CDC now admits Ebola can spread through the air up to 3 feet away
When it comes to trusting the Obama Administration and, increasingly, the Centers for Disease Control and Prevention, no one is making it harder for Americans to do so than the White House and the bumbling gaggle of bureaucrats and political hacks that it employs.
For weeks now, the CDC chief, Dr. Thomas Frieden, has said that Ebola cannot be spread through casual contact — even as he also stated that persons suspected of being infected should avoid public transportation. President Obama has made similar statements.

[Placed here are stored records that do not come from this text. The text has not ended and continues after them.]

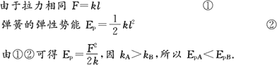 A的弹性势能大
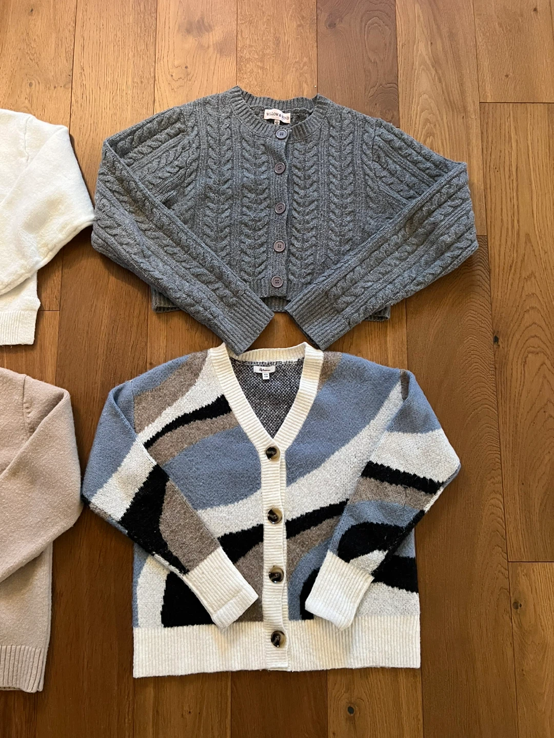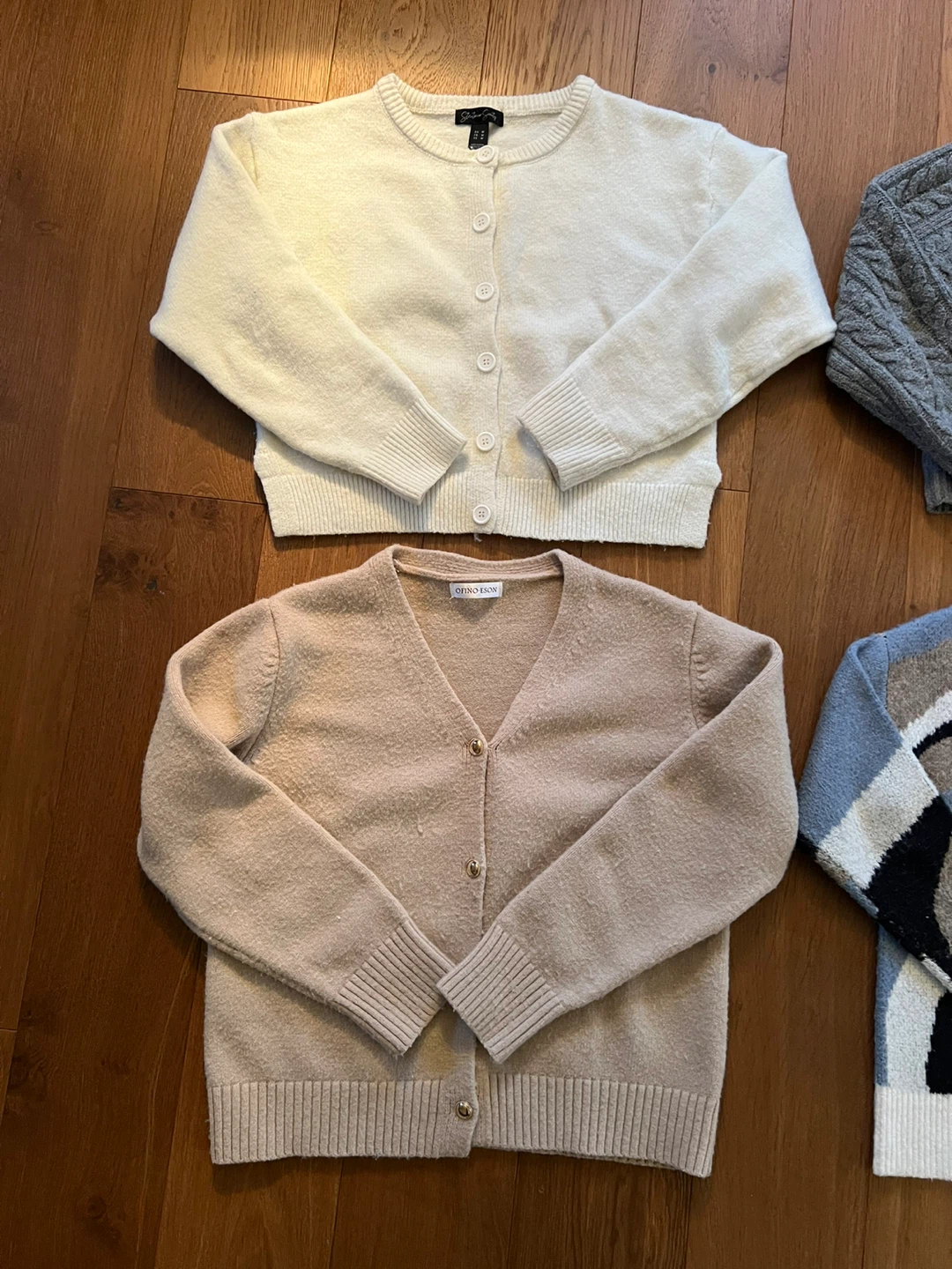 Selling a bundle of gently used cardigans in various styles and colours! There is a cream cardigan from Joe Fresh, a light brown cardigan from Tristan & Iseut, a grey cardigan from Lucky Brand, and a blue patterned cardigan. Perfect for layering during the cooler months!
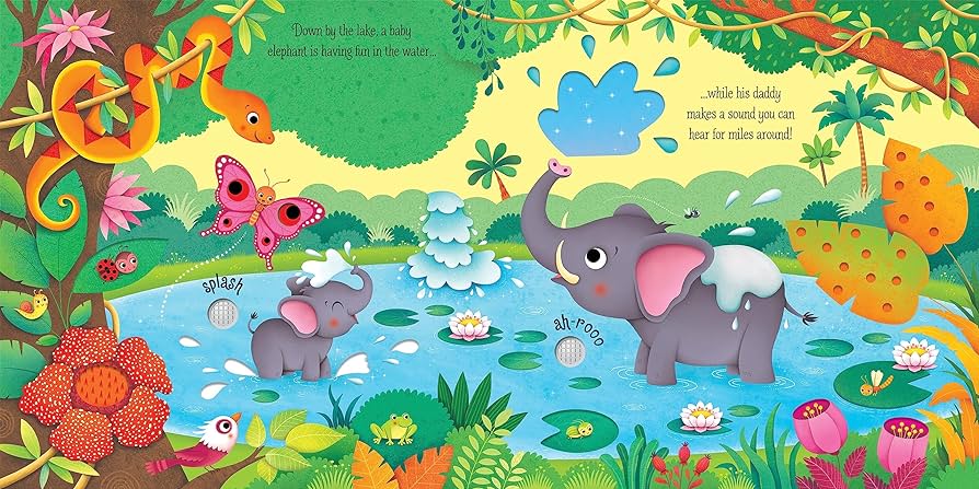 Les petits enfants peuvent appuyer sur les boutons des pages de ce livre pour entendre les sons merveilleux de la jungle, le rugissement d'un tigre affamé, le chant des oiseaux tropicaux et un orang-outan bruyant qui n'est pas encore prêt à se coucher. Les pages colorées montrent la jungle la nuit, le soleil levant et bien plus encore, avec des textes simples, de délicieuses illustrations et des formes découpées à découvrir.
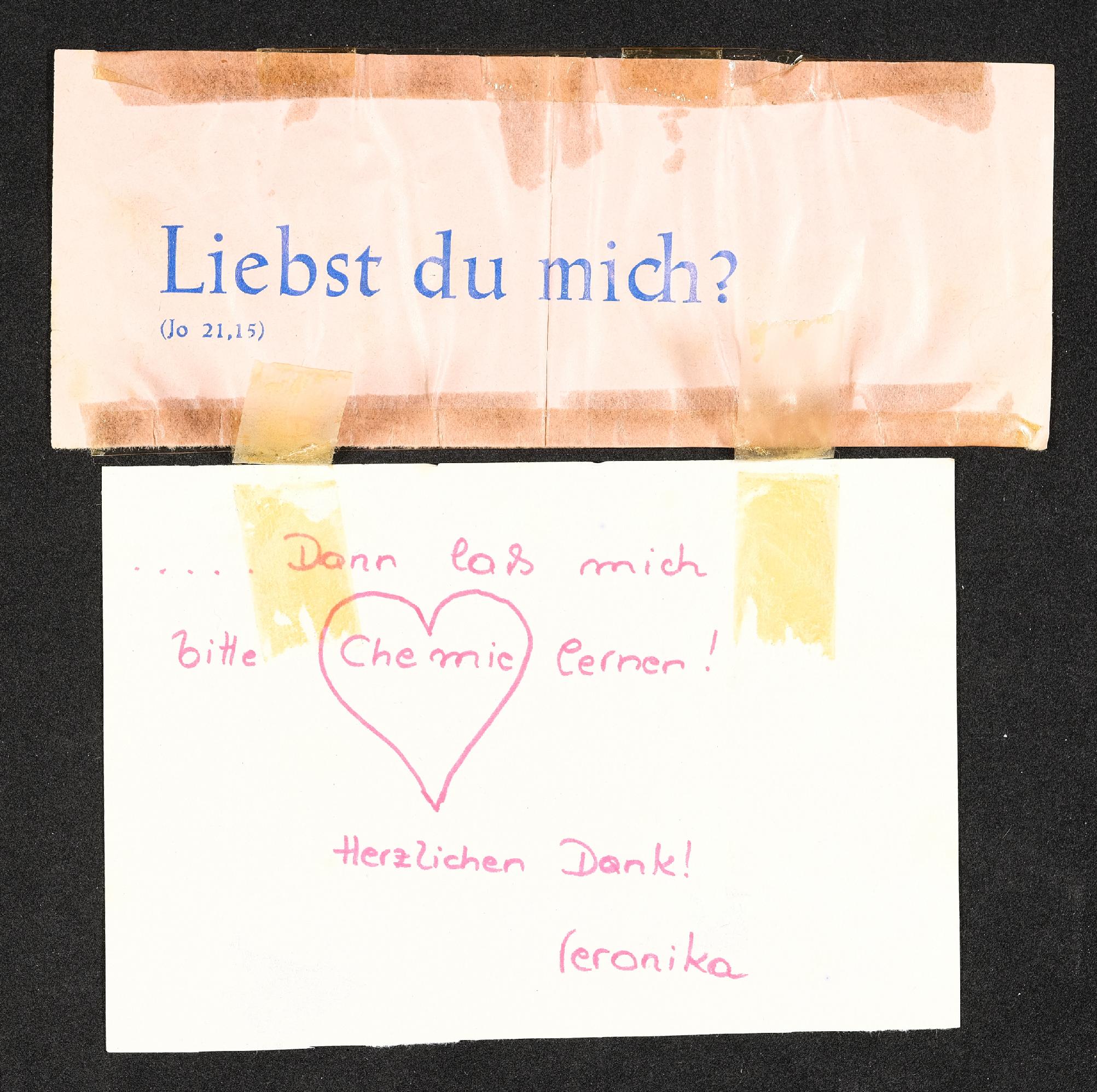 | Beschreibung | Notiz von Veronika Erntl an eine Person auf zwei zusammengeklebten Zetteln: Druck: "Liebst du mich (jo 21,15)" Handschrift: "Dann laß mich bitte Chemie lernen! Herzlichen Dank! Veronika". |

Now, after a pair of northeastern state governors imposed (and then rescinded) 21-day quarantines for anyone returning from assisting infected patients in West Africa, word comes from the CDC that the virus can, in fact, be spread to others up to 3 feet away. In a new Ebola-related post that appears to be splitting hairs between “airborne” and “droplet” spread, the health agency claimed:
Airborne spread happens when a germ floats through the air after a person talks, coughs, or sneezes. Germs may land in the eyes, mouth, or nose of another person.

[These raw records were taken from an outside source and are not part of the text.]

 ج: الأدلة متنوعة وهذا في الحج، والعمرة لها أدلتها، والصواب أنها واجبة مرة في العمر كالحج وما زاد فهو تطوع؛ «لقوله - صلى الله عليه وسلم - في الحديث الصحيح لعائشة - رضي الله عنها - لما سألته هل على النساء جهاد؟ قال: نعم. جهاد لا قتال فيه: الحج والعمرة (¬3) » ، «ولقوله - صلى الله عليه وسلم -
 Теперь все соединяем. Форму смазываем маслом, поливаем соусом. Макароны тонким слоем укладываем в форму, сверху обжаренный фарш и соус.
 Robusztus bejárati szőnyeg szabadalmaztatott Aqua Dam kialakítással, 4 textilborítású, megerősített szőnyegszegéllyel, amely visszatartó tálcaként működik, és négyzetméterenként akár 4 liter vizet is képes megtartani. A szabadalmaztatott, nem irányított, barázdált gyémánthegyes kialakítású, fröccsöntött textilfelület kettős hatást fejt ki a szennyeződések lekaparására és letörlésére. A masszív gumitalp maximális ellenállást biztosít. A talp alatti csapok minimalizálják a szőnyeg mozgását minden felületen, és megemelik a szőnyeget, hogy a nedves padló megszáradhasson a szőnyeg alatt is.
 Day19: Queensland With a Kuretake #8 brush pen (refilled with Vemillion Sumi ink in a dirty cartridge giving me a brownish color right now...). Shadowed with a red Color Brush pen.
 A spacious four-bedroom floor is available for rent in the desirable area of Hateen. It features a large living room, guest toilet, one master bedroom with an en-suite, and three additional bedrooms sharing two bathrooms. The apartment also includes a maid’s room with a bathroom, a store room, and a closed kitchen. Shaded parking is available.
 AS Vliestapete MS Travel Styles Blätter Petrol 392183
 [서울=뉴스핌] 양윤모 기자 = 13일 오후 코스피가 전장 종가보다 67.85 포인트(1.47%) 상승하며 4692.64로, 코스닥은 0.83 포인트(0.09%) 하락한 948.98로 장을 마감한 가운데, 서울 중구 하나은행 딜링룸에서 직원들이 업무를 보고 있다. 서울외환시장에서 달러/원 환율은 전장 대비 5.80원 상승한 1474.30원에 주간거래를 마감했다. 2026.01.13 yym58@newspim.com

If a germ is airborne, direct contact with the infected person is NOT needed for someone else to get sick. Airborne spread diseases include: chickenpox, tuberculosis.
‘Well, at least the CDC is starting to move the narrative’
“Droplet spread,” the agency said, “happens when germs traveling inside droplets that are coughed or sneezed from a sick person enter the eyes, nose, or mouth of another person. Droplets travel short distances, less than 3 feet (1 meter) from one person to another.
“A person might also get infected by touching a surface or object that has germs on it and then touching their mouth or nose.
“Droplet spread diseases include: plague, Ebola.”
The online flyer went on to insist that, no, Ebola is not “airborne,” but it also made clear that, yes, it can certainly be spread through droplets — the manner in which people riding close to each other on, say, a NYC subway or in a cab or Uber ride-share car, or in a bowling alley, might be exposed (Dr. Craig Spencer, the Ebola-infected physician just back from treating patients in West Africa, did all of these things).
“Healthcare providers caring for Ebola patients and the family and friends in close contact with Ebola patients are at the highest risk of getting sick because they may come in contact with infected blood or body fluids of sick patients,” the online informational flyer states.
Some experts are already raising eyebrows of suspicion.
“Well, at least CDC is starting to move the narrative,” said Meryl Nass, M.D., an infectious disease physician, on her blog. “Maybe tomorrow it will be 5 feet. Then 10. Maybe next month they will tell us why all the victims’ possessions are being incinerated and apartments fumigated.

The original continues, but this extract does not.